Beyond that, what happens will probably depend mostly on the GM's preference. I could see having a separate thread for each character, at least in terms of detailing that character's development (not necessarily in-game actions); I could see having separate threads for each major in-game event, where all involved characters would interact for the duration of that event; I could even see limiting the forum to _only_ posts from the GM–which would have the virtue of reducing clutter and possible confusion, though probably at the expense of a lot of the attraction and feel of role-playing. I'm sure there are numerous other possibilities. One thing any prospective GM will absolutely want to do is set a limit to the number of communications or posts from each player within a given time period, so that a single player doesn't end up taking one "turn" (however defined) for each turn taken by _any_ other player: you want things to go A-B-C-D, not A-B-A-C-A-D-A (which I've seen happen even in groups sitting around the same table). Not that you need to force everyone else to wait until all players have submitted an action–I'd recommend against it, in fact, to avoid things stalling out when one player is slow getting an action in; just don't let anyone get carried away.

-

ade625: Oh, there will _definitely_ be more subtlety than that. The default character will indeed be in charge of his own province (other options will exist)–but "isolated" isn't a problem you're likely to experience. If anything, you'll long for it.… If you want to get a general sense of what you'd be looking at, hunt up some history on the Holy Roman Empire from around 1550 to 1650. The overall setting (culture, tech level, etc.) won't necessarily reflect that period; the politics _will_.

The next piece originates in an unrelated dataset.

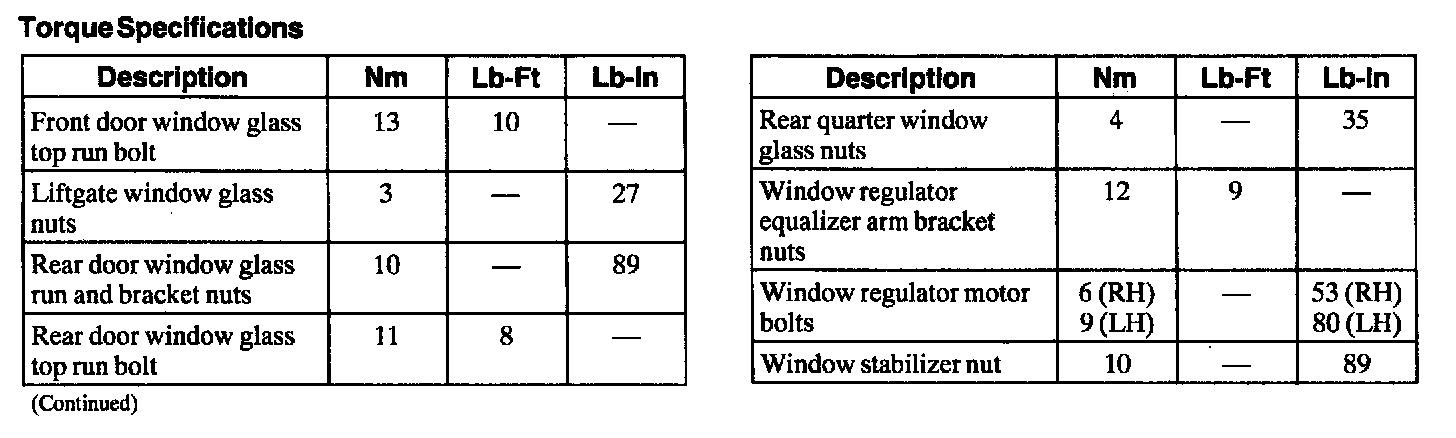Torque Specifications:

That is, assuming I don't come to my senses and chuck it all as a bad idea… though it's looking increasingly like I won't.


----------



## Black Dragon (May 16, 2011)

Thanks for explanation.  Whenever you are ready to go, we will create a subforum specifically for this game, over which you will have moderator privileges.  We can also restrict posting to designated players, although we will leave it open for the curious to view.  Just give us the word when the time is right.


----------



## Kelise (May 16, 2011)

I could be interested - depending on the story and method. I used to forum rp a lot but now I'm mostly on twitter. I have over 5,000 followers on my John Watson (BBC Sherlock) account =3 *shameless brag* *loves that account*


----------



## Mdnight Falling (May 16, 2011)

DO IT!!!!!! I demand it!!!  -snickers- joking.. but seriously.. I'm all for RPG.. Gimme setting char types and lay down the law and I'm game >^.^<


----------



## myrddin173 (May 16, 2011)

Yah I really like the topic, hope we can get enough people to start soon!


----------



## Philip Overby (May 18, 2011)

So when is this shin-dig starting?


----------



## Ravana (May 18, 2011)

I'll try to be ready to go, at least in terms of character creation, by the weekend. (One of the reasons you haven't seen much of me lately is because of the work I'm putting in to get this ready.) Play will start as soon after that as I get the first couple of characters set up. Unlike party-based RPGs, this will be something people can join at any time, so we won't need to worry about having any particular minimum number.

@Black Dragon: I'll let you know when I'm ready to set up the forum. Is there some particular time that you're normally on, in case we need to chat about anything? I don't anticipate any difficulties, but my web admin skills are a bit rusty.


----------



## Artless (May 18, 2011)

This has me excited! Woo!


----------



## Black Dragon (May 18, 2011)

Ravana,

I'm sending you a pm with my contact info.


----------



## journeyman (May 19, 2011)

I'm interested. None of my usual gaming groups ever had the specific style or skillset to run something political. I'm heavily tied up with work right now, but if this will support drop-in-drop-out backgrounds (visiting foreign dignitary maybe?) I can come up with something. If not I'll just have to wait a few weeks for things to quiet down.


----------



## Black Dragon (May 21, 2011)

An update:

Ravana is working hard behind the scenes to get everything ready.  You may have noticed that a new subforum has been created beneath Games.  We will be ready to start shortly.


----------



## Ravana (May 21, 2011)

And we're off.… 

Anyone interested go to the Games subforum MACHIAVEL: AMBITION. It will tell you what you need to get started–which, mainly, is to contact me. There are no dice to roll, no stats to worry about; all you need to do is make a few decisions about your character and we'll get started. 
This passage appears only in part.